From Publishers Weekly
Jong-Fast (
Normal Girl) writes about growing up with her eccentric, bohemian mother (novelist Erica Jong, author of
Fear of Flying) in a Manhattan townhouse with a hot pink door. She pads the memories with sarcastic commentary about her love of chocolate, daytime TV and recreational drugs; her expulsions from school and success at rehab; and her experiences with "legions of servants," resulting in a memoir that's long on jokes but short on substance. The 25-year-old author remembers her lesbian great aunt who, as an old woman, shocked the family by holding hands with a male rabbi; her grandfather, novelist Howard Fast, who was obsessed with the idea that the
New York Times Book Review hated him; and her mom's various wildly inappropriate boyfriends, as well as the one who worked out (a divorce lawyer).
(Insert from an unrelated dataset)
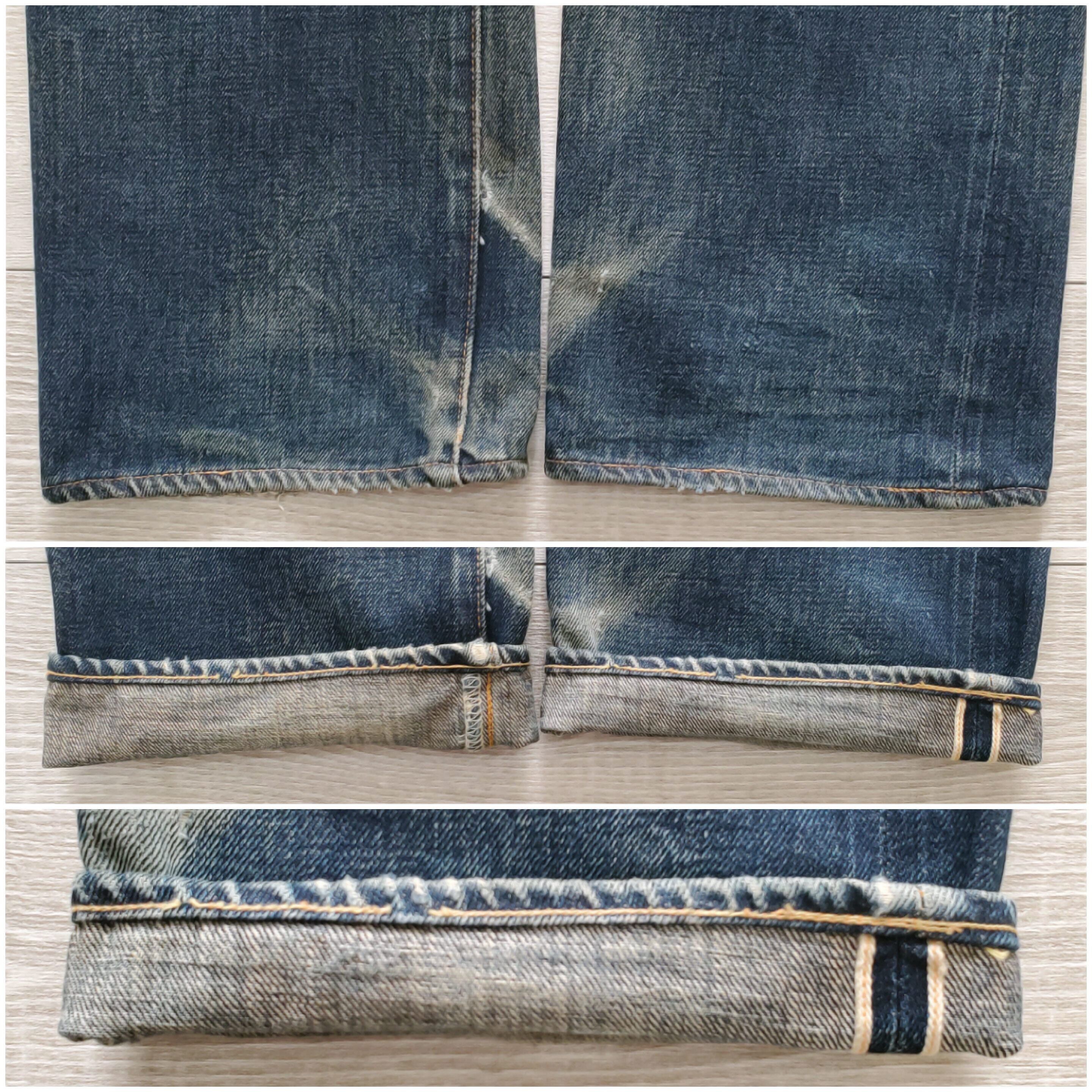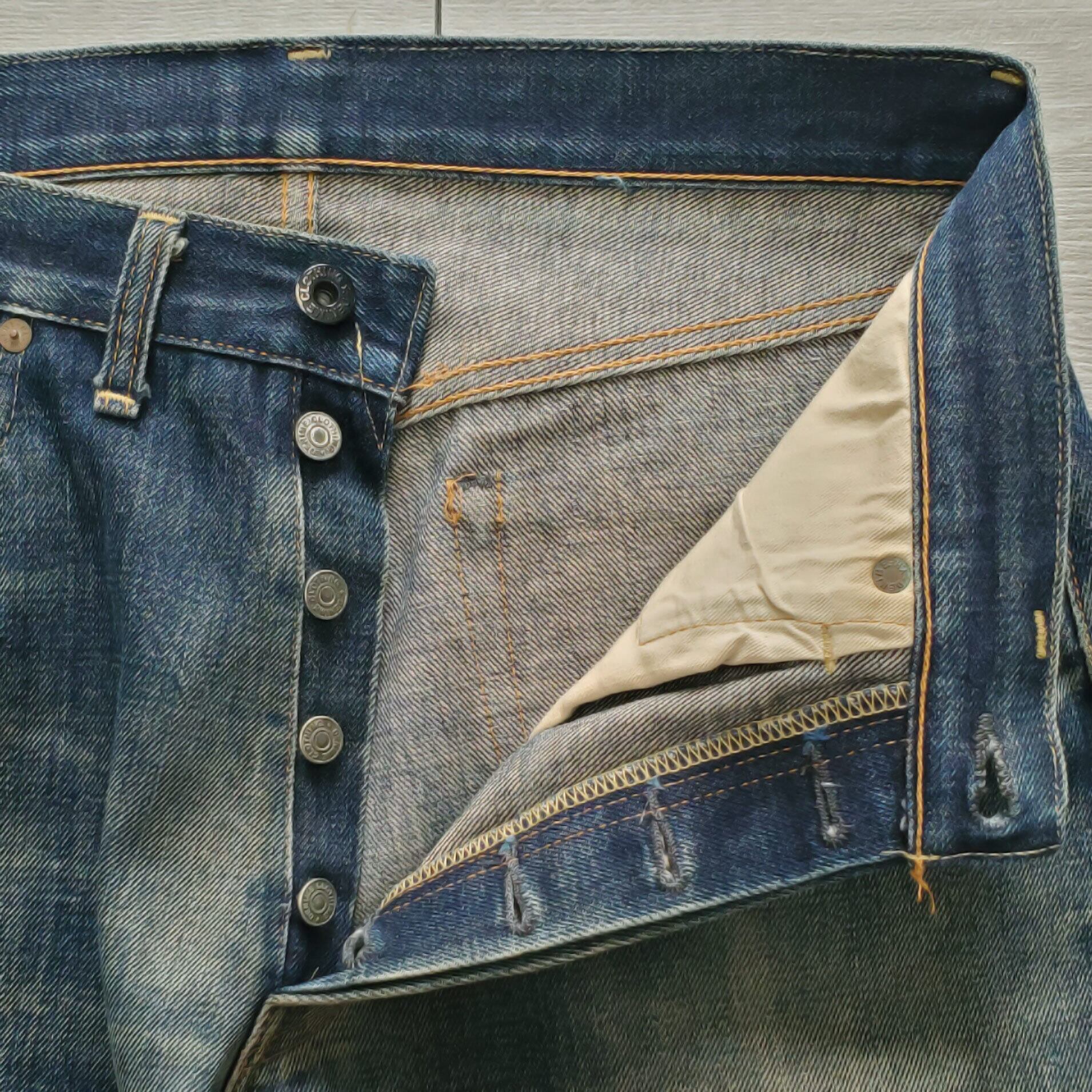 生地には旧式力織機で織り上げたセルビッチデニムを使用し、黒カン、コインポケット耳付き、裾黄耳、両面赤タブ、紙パッチ、フロントVステッチ、ウエストバンド上シングル下ダブル、内股シングル、バックポケットシングルステッチなど、ヴィンテージディテールを網羅しています。

She entertains with tales of her childhood encounters with a long line of therapists—who inevitably and boringly questioned her about how her mother's erotic writing affected her psyche—and her friendship with a beautiful, kind girl who turned out not to be perfect. Unfortunately, the stories' potential juiciness fizzles into snide remarks about the unattractive hijinks of the privileged. Ironic yet lacking insight, this collection provides an illuminating window into the world of the kids of "semi-celebrities," but its characters remain frustratingly unsympathetic.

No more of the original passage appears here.